⟨
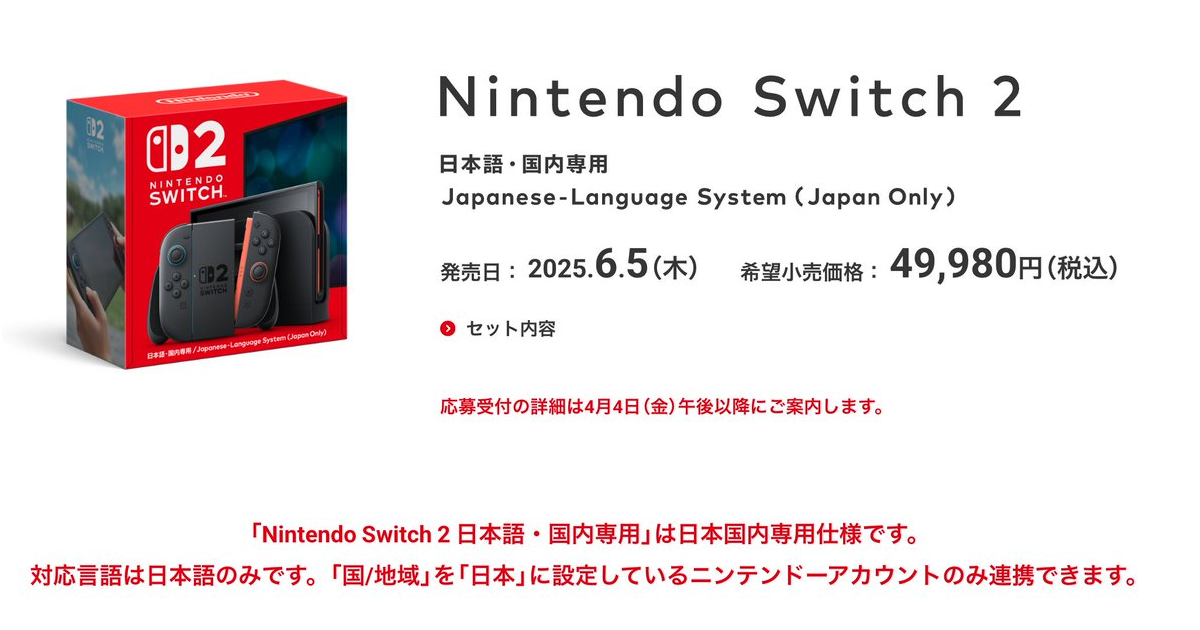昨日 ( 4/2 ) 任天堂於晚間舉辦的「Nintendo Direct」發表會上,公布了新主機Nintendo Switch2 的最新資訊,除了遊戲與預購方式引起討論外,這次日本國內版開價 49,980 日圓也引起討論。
⟩
⟨
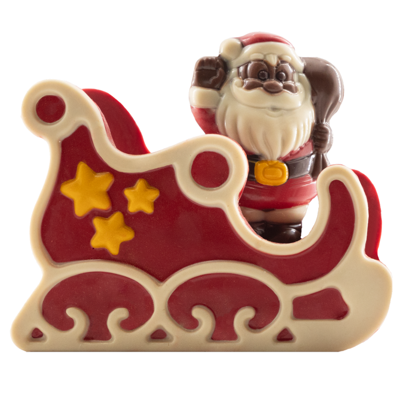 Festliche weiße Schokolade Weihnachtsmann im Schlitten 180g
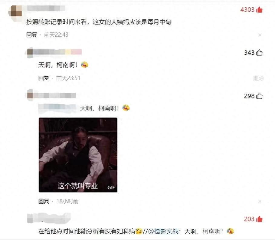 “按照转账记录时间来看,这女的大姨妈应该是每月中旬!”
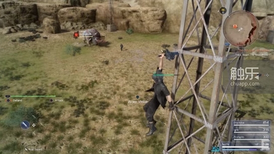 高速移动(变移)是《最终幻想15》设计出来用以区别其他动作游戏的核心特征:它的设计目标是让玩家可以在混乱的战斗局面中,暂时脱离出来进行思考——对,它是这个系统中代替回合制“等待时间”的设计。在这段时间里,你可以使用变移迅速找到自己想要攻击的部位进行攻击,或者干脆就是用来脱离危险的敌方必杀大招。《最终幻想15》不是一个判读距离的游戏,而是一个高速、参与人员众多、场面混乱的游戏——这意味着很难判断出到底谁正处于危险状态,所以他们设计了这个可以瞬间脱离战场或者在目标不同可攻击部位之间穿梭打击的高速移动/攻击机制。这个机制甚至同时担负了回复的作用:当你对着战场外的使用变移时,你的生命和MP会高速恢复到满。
⟩
**WHAT THE TASK ASKS**.
Retype only the lines above from the one with "Festliche weiße Schokolade" through the one with "高速移动(变移)是《最终幻想", exactly and with both ends. Images stay out.

**RESULT OF THIS EXERCISE**.
 Festliche weiße Schokolade Weihnachtsmann im Schlitten 180g
 “按照转账记录时间来看,这女的大姨妈应该是每月中旬!”
 高速移动(变移)是《最终幻想15》设计出来用以区别其他动作游戏的核心特征:它的设计目标是让玩家可以在混乱的战斗局面中,暂时脱离出来进行思考——对,它是这个系统中代替回合制“等待时间”的设计。在这段时间里,你可以使用变移迅速找到自己想要攻击的部位进行攻击,或者干脆就是用来脱离危险的敌方必杀大招。《最终幻想15》不是一个判读距离的游戏,而是一个高速、参与人员众多、场面混乱的游戏——这意味着很难判断出到底谁正处于危险状态,所以他们设计了这个可以瞬间脱离战场或者在目标不同可攻击部位之间穿梭打击的高速移动/攻击机制。这个机制甚至同时担负了回复的作用:当你对着战场外的使用变移时,你的生命和MP会高速恢复到满。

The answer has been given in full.